Título: Salvar os meios de subsistência para salvar vidas
Autor: Diouf, Jacques
Fonte: Correio Braziliense, 25/08/2011, Opinião, p. 21
Diretor-Geral da Organização das Nações Unidas para a Alimentação e a Agricultura (FAO)
A tragédia humanitária no Chifre da África não deve nos cegar para o fato de que uma catástrofe ainda maior é iminente, a menos que os governos nacionais, em parceria com a comunidade internacional, atuem para combater as causas fundamentais da crise.
O mundo tem a responsabilidade coletiva de responder com urgência às necessidades alimentares dos milhões de pessoas passando fome na região. No entanto corremos o risco de que a situação de outros milhões de pessoas piore amanhã, se não atuarmos com a mesma urgência e de forma simultânea à resposta de emergência para garantir os meios de subsistência da população para que ela possa produzir os próprios alimentos.
Em termos concretos, trata-se de garantir que agricultores e pequenos criadores de gado ¿ que representam 80% da população do Chifre da África ¿ possam manter seus animais vivos e semear em outubro para a próxima colheita. Para isso, eles precisam receber sementes, insumos básicos, ração animal e assistência veterinária. Caso contrário, nos arriscamos a condená-los a uma crise mais profunda.
Não resta muito tempo, temos cerca de seis semanas. Por essa razão, a Organização das Nações Unidas para a Alimentação e a Agricultura (FAO) organizou uma reunião operativa de alto nível em 18 de agosto para analisar os planos existentes e exemplos de sucesso entre as ações já em curso que poderiam ser aproveitados e ampliados, se tiverem financiamento.

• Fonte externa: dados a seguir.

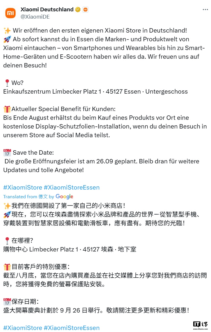 IT之家 8 月 22 日消息,小米德国本周(8 月 19 日)在 X 平台宣布,其位于北莱茵-威斯特法伦州埃森市的第一家官方直营店已开启试营业,将在 9 月 26 日举行开业典礼。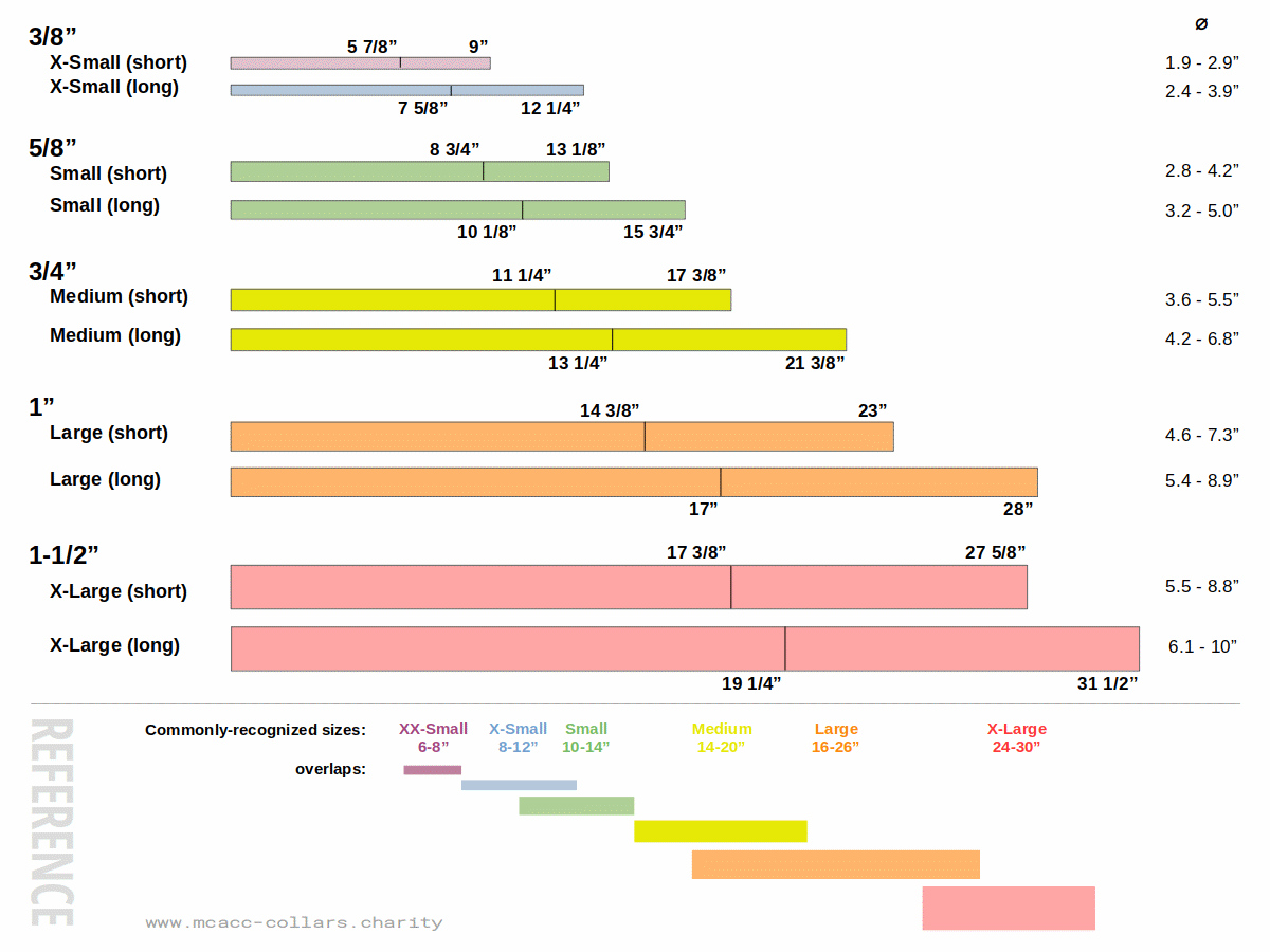 - Canine Journal: Dog Collar, Leash Fit & Sizing Guide (see collar sizes near middle of page) (archived)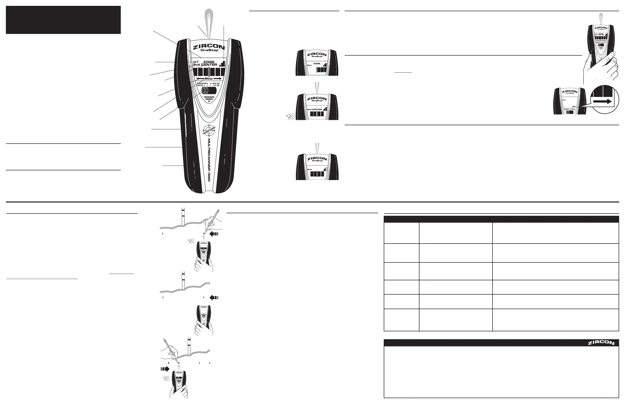 ACT, CenterVision, DeepScan, MultiScanner, OneStep, SpotLite, WireWarning, and Zircon are registered trademarks or trademarks of Zircon Corporation.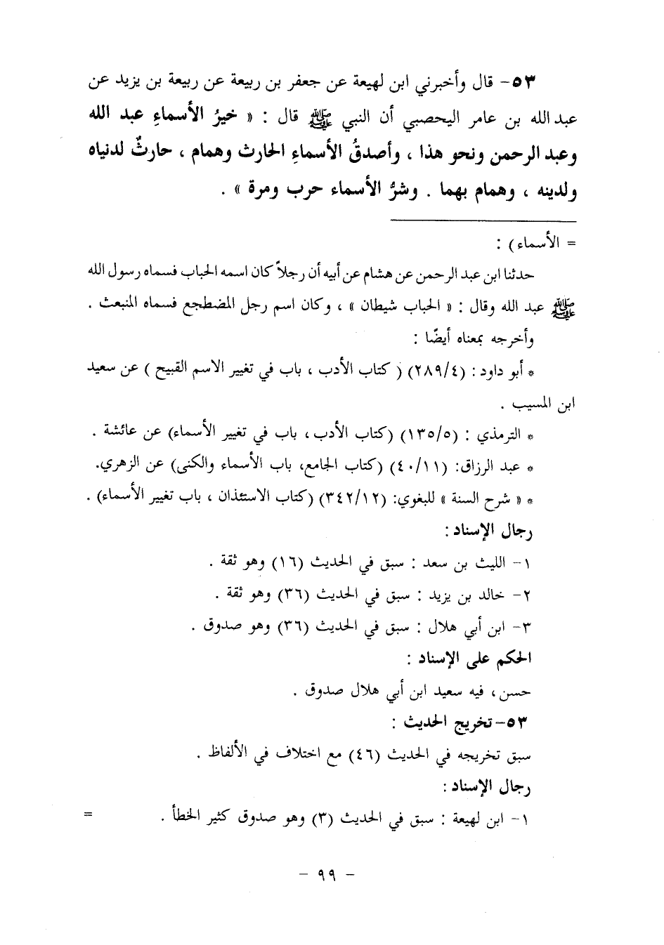 ٥٣ - وَأَخْبَرَنِي ابْنُ لَهِيعَةَ، عَنْ جَعْفَرِ بْنِ رَبِيعَةَ، عَنْ رَبِيعَةَ بْنِ يَزِيدَ، عَنْ عَبْدِ اللَّهِ بْنِ عَامِرٍ الْيَحْصِبِيِّ، أَنَّ النَّبِيَّ صَلَّى اللهُ عَلَيْهِ وَسَلَّمَ قَالَ: «خَيْرُ الْأَسْمَاءِ عَبْدُ اللَّهِ، وَعَبْدُ الرَّحْمَنِ، وَنَحْوَ هَذَا، وَأَصْدَقُ الْأَسْمَاءِ الْحَارِثُ، وَهَمَّامٌ، حَارِثٌ لِدُنْيَاهُ وَلِدِينِهِ، وَهَمَّامٌ بِهِمَا. وَشَرٌّ الْأَسْمَاءِ حَرْبٌ، وَمُرَّةُ»

Mas também é necessário fortalecer a resistência das famílias pobres diante de futuras secas e emergências. Para isso é preciso implantar políticas públicas, criar melhores sistemas de alertas antecipados e de resposta a catástrofes, apoiar a gestão sustentável dos recursos naturais, melhorar os sistemas de irrigação e desenvolver variedades resistentes à seca. Devemos, portanto, apoiar os governos da região na implementação de planos de médio e longo prazo no marco do programa geral para o desenvolvimento da agricultura na África, promovido pela União Africana.
Até agora, a resposta dos doadores para a ajuda agrícola destinada a mitigar a crise no Chifre da África tem sido lenta. A FAO, outros organismos e as ONGs receberam cerca de um terço dos recursos de que precisam. É urgente eliminar o quanto antes esse deficit se quisermos salvar os meios de subsistência da população e, portanto, vidas.
De fato, se a comunidade internacional tivesse atuado mais rapidamente e com mais generosidade, a fome, que agora ameaça propagar-se do sul da Somália ao resto do país, e inclusive além, poderia ter sido evitada. Envergonha-nos que hoje 12,5 milhões de pessoas sejam vítimas de uma calamidade que poderíamos ter evitado.
Em outubro de 2010, a FAO, Programa Mundial de Alimentos (PMA) e a ONG Oxfam propuseram um plano de ação para o Chifre da África. Esse plano nunca foi implementado por falta de recursos. No ano 2000, eu já havia presidido um grupo de trabalho interinstitucional da ONU que elaborou, em conjunto com os governos da região, um plano de ação para eliminar a insegurança alimentar no Chifre da África, com recomendações que continuam válidas hoje.
Embora não haja desculpas para o ocorrido, há importantes lições a serem aprendidas. A principal delas é que é infinitamente mais barato, em termos financeiros e humanos, para os governos nacionais e a comunidade internacional prevenir situações de emergência humanitária em vez de lidar com elas no meio de uma crise, como agora estamos obrigados a fazer.
A prevenção se consegue contribuindo com os recursos necessários a tempo, muito antes que as fotos de crianças esqueléticas e de barriga inchada cheguem à televisão. E requer o atendimento das necessidades a médio e longo prazo ¿ salvaguardar os meios de subsistência, assim como as vidas.
Dito isso, agradeço a iniciativa da União Africana em convocar uma conferência de alto nível de líderes africanos e agências humanitárias a fim de arrecadar recursos para responder à emergência. A decisão mostra que os países diretamente prejudicados, acompanhados por toda a comunidade africana, lideram a resposta diante da crise, como confirmado na reunião ministerial de emergência organizada pela FAO em 25 de julho, em Roma, a pedido da presidência francesa do G20.
Tenho esperança de que os doadores se mostrem generosos com a Somália e os outros países afetados. E rezo para que essa tragédia sirva para estimular a comunidade internacional a mobilizar seus enormes recursos para eliminar, de uma vez, a palavra fome do vocabulário moderno.